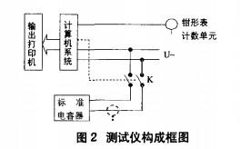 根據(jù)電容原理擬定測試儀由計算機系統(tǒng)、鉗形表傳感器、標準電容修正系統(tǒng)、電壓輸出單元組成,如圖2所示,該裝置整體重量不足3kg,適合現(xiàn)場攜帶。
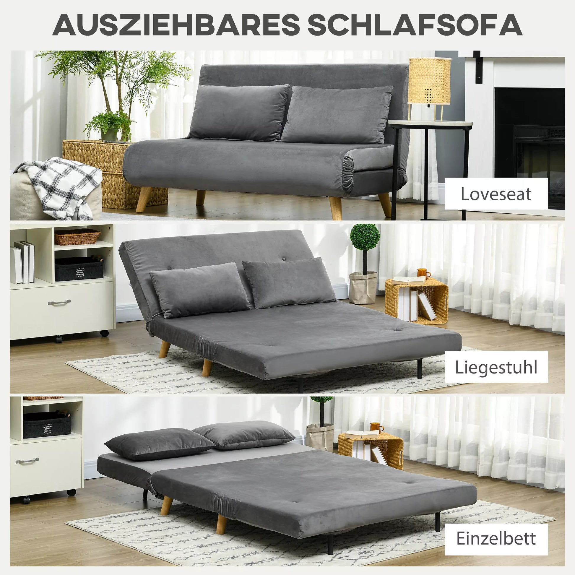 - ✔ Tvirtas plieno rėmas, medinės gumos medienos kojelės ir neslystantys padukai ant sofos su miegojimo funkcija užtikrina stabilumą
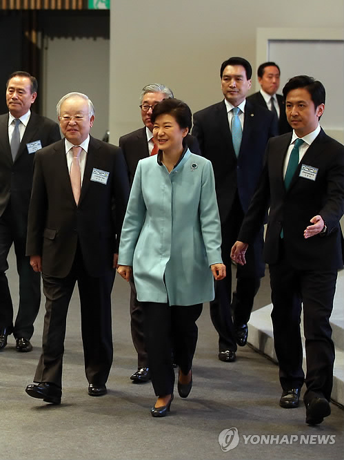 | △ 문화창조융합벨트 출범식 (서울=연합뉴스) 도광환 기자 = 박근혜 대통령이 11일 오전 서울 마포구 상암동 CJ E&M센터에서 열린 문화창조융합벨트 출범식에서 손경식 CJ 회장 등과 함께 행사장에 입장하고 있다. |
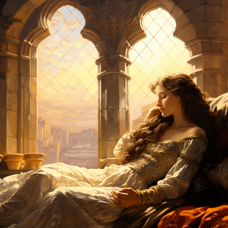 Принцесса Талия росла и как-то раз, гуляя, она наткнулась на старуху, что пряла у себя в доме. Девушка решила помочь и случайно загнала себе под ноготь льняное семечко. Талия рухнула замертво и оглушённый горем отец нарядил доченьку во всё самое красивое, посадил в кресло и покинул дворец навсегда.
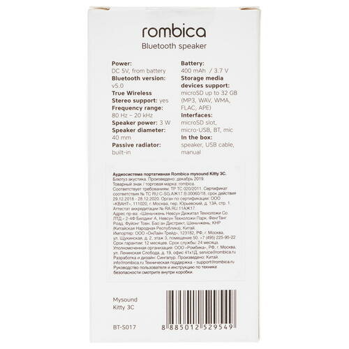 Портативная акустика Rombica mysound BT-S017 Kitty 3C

(Task requirements): Starting with the opening line of the listing, write out each line exactly until the line that contains "- ✔ Tvirtas" has been included; skip the pictures.

(Finished task):
 根據(jù)電容原理擬定測試儀由計算機系統(tǒng)、鉗形表傳感器、標準電容修正系統(tǒng)、電壓輸出單元組成,如圖2所示,該裝置整體重量不足3kg,適合現(xiàn)場攜帶。
 - ✔ Tvirtas plieno rėmas, medinės gumos medienos kojelės ir neslystantys padukai ant sofos su miegojimo funkcija užtikrina stabilumą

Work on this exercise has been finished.